**Activity**
Please reproduce the listing word for word. Pictures stay out.

(Data section begins)

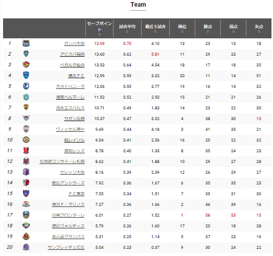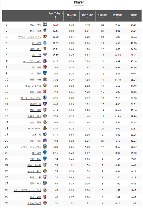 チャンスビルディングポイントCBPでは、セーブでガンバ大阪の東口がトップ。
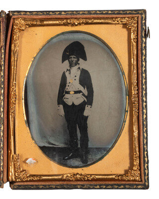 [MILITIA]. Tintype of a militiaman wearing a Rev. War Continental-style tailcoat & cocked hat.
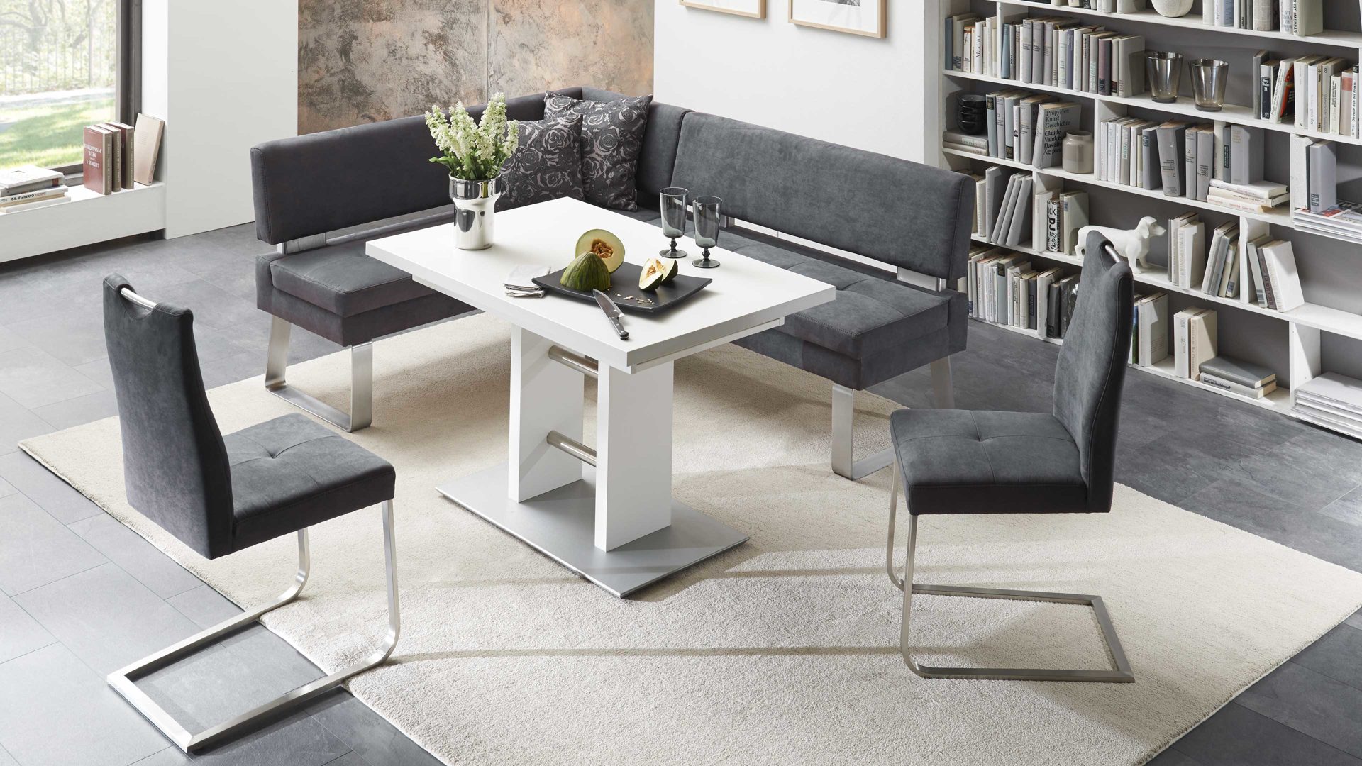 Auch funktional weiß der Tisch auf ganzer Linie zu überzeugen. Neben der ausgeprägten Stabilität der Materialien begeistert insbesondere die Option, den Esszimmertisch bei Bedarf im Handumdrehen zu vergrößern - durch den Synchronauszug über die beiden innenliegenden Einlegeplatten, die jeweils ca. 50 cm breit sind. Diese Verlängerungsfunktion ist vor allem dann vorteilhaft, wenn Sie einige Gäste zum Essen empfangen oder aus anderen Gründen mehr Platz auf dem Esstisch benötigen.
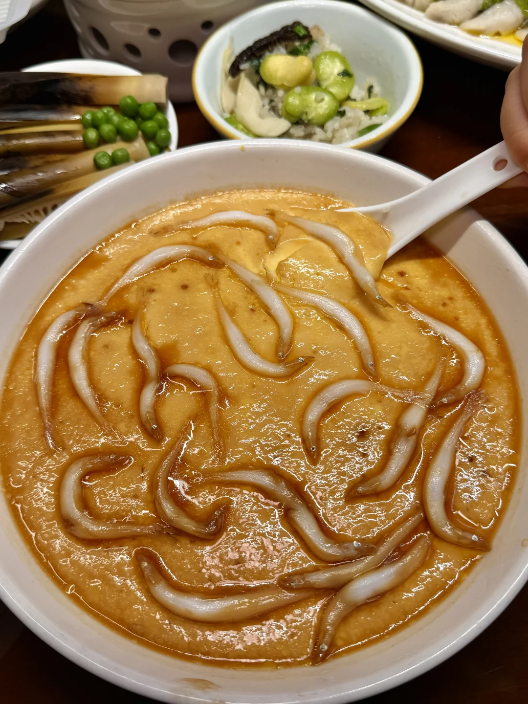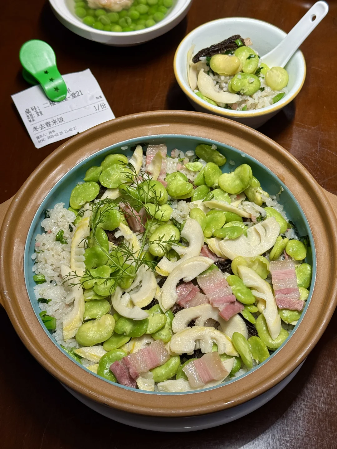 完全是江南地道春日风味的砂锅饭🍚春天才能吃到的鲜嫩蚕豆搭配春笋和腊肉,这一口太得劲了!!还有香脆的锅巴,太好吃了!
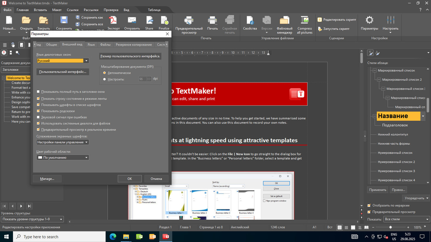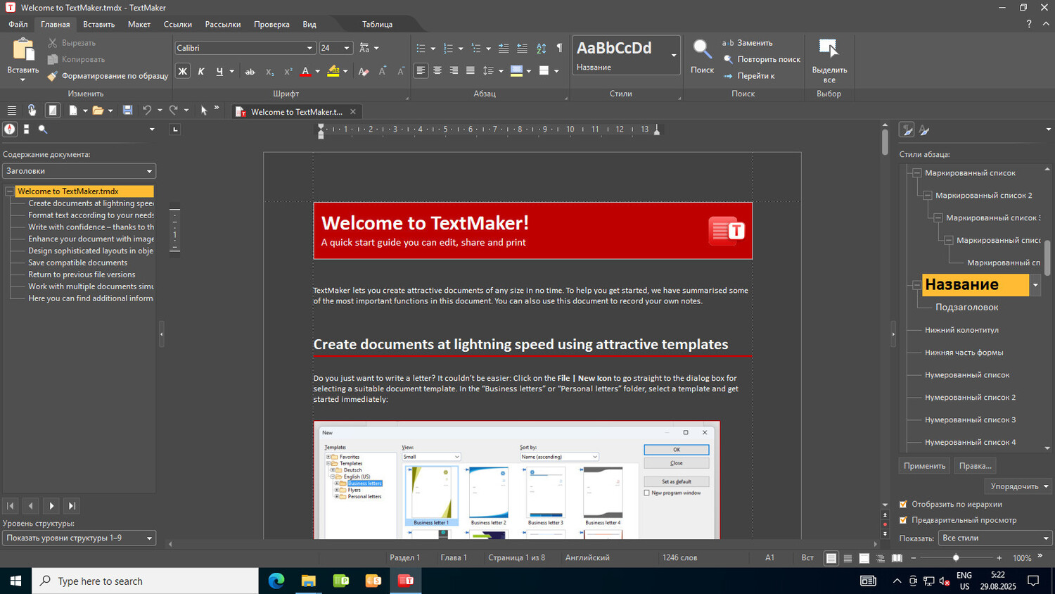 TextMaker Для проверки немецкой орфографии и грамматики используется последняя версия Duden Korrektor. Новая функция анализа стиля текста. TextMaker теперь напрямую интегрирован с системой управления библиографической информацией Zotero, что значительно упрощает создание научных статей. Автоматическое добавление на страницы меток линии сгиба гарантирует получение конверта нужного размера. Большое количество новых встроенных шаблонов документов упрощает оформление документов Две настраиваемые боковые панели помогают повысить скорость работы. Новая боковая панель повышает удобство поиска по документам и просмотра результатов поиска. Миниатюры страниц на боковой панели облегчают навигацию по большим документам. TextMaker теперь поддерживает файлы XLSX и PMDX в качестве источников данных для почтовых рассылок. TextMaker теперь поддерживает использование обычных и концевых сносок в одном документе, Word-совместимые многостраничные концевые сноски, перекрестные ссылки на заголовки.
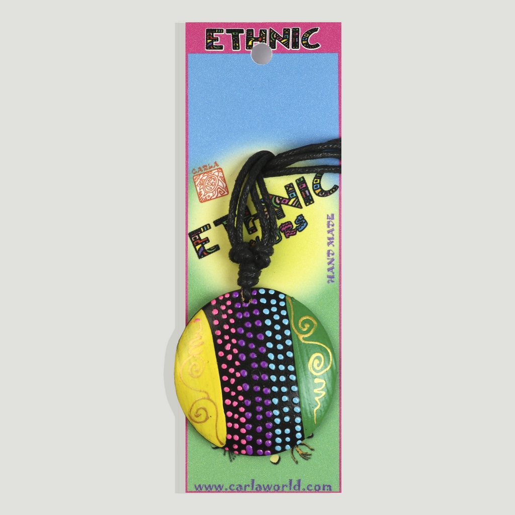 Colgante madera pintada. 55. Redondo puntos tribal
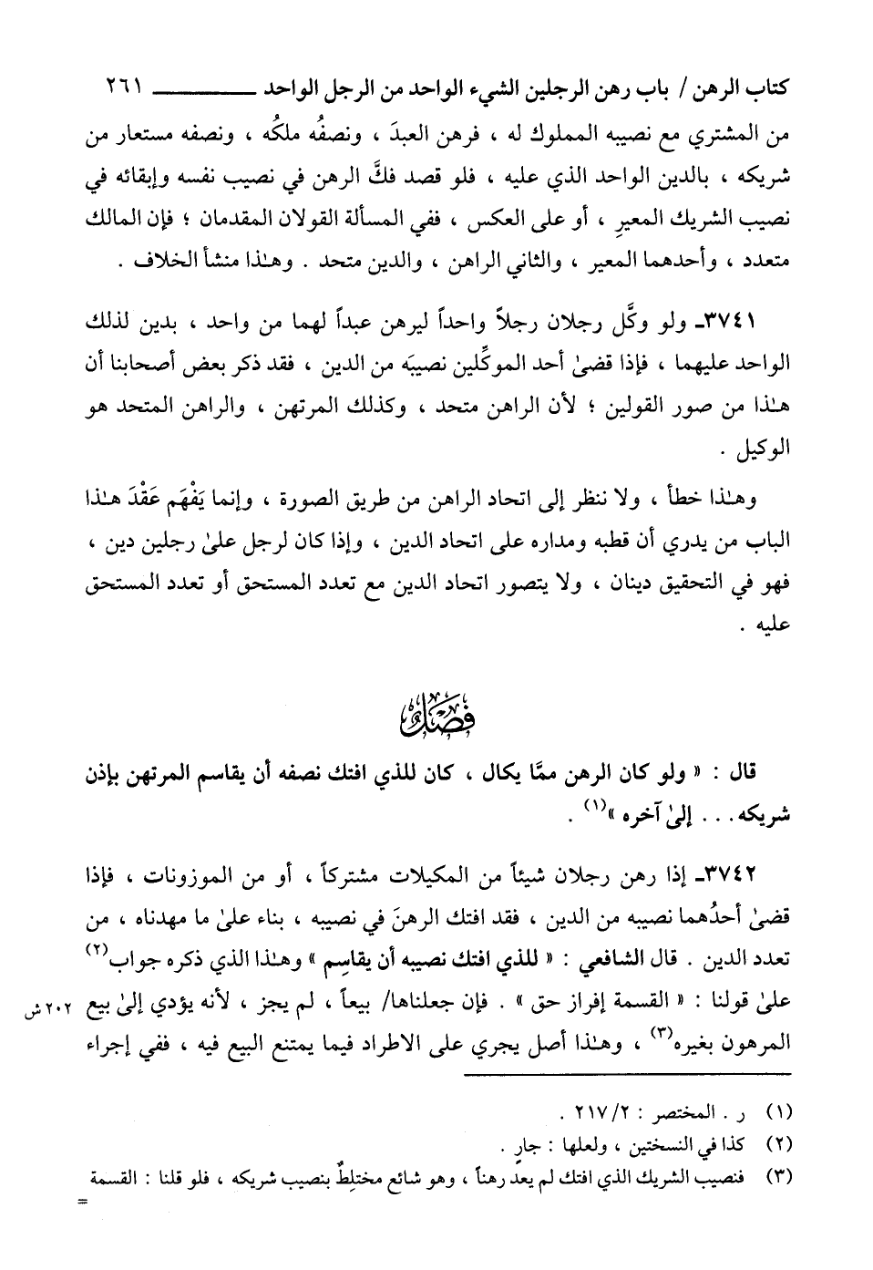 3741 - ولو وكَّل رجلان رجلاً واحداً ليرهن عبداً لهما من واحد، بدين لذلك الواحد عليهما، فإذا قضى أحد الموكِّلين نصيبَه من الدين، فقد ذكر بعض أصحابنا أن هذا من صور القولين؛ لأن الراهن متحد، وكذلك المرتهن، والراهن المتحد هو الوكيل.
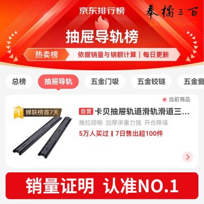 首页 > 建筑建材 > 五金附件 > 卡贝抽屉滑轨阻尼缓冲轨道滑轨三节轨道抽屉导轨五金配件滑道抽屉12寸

(Data section ends)

**Solution**
 チャンスビルディングポイントCBPでは、セーブでガンバ大阪の東口がトップ。
 [MILITIA]. Tintype of a militiaman wearing a Rev. War Continental-style tailcoat & cocked hat.
 Auch funktional weiß der Tisch auf ganzer Linie zu überzeugen. Neben der ausgeprägten Stabilität der Materialien begeistert insbesondere die Option, den Esszimmertisch bei Bedarf im Handumdrehen zu vergrößern - durch den Synchronauszug über die beiden innenliegenden Einlegeplatten, die jeweils ca. 50 cm breit sind. Diese Verlängerungsfunktion ist vor allem dann vorteilhaft, wenn Sie einige Gäste zum Essen empfangen oder aus anderen Gründen mehr Platz auf dem Esstisch benötigen.
 完全是江南地道春日风味的砂锅饭🍚春天才能吃到的鲜嫩蚕豆搭配春笋和腊肉,这一口太得劲了!!还有香脆的锅巴,太好吃了!
 TextMaker Для проверки немецкой орфографии и грамматики используется последняя версия Duden Korrektor. Новая функция анализа стиля текста. TextMaker теперь напрямую интегрирован с системой управления библиографической информацией Zotero, что значительно упрощает создание научных статей. Автоматическое добавление на страницы меток линии сгиба гарантирует получение конверта нужного размера. Большое количество новых встроенных шаблонов документов упрощает оформление документов Две настраиваемые боковые панели помогают повысить скорость работы. Новая боковая панель повышает удобство поиска по документам и просмотра результатов поиска. Миниатюры страниц на боковой панели облегчают навигацию по большим документам. TextMaker теперь поддерживает файлы XLSX и PMDX в качестве источников данных для почтовых рассылок. TextMaker теперь поддерживает использование обычных и концевых сносок в одном документе, Word-совместимые многостраничные концевые сноски, перекрестные ссылки на заголовки.
 Colgante madera pintada. 55. Redondo puntos tribal
 3741 - ولو وكَّل رجلان رجلاً واحداً ليرهن عبداً لهما من واحد، بدين لذلك الواحد عليهما، فإذا قضى أحد الموكِّلين نصيبَه من الدين، فقد ذكر بعض أصحابنا أن هذا من صور القولين؛ لأن الراهن متحد، وكذلك المرتهن، والراهن المتحد هو الوكيل.
 首页 > 建筑建材 > 五金附件 > 卡贝抽屉滑轨阻尼缓冲轨道滑轨三节轨道抽屉导轨五金配件滑道抽屉12寸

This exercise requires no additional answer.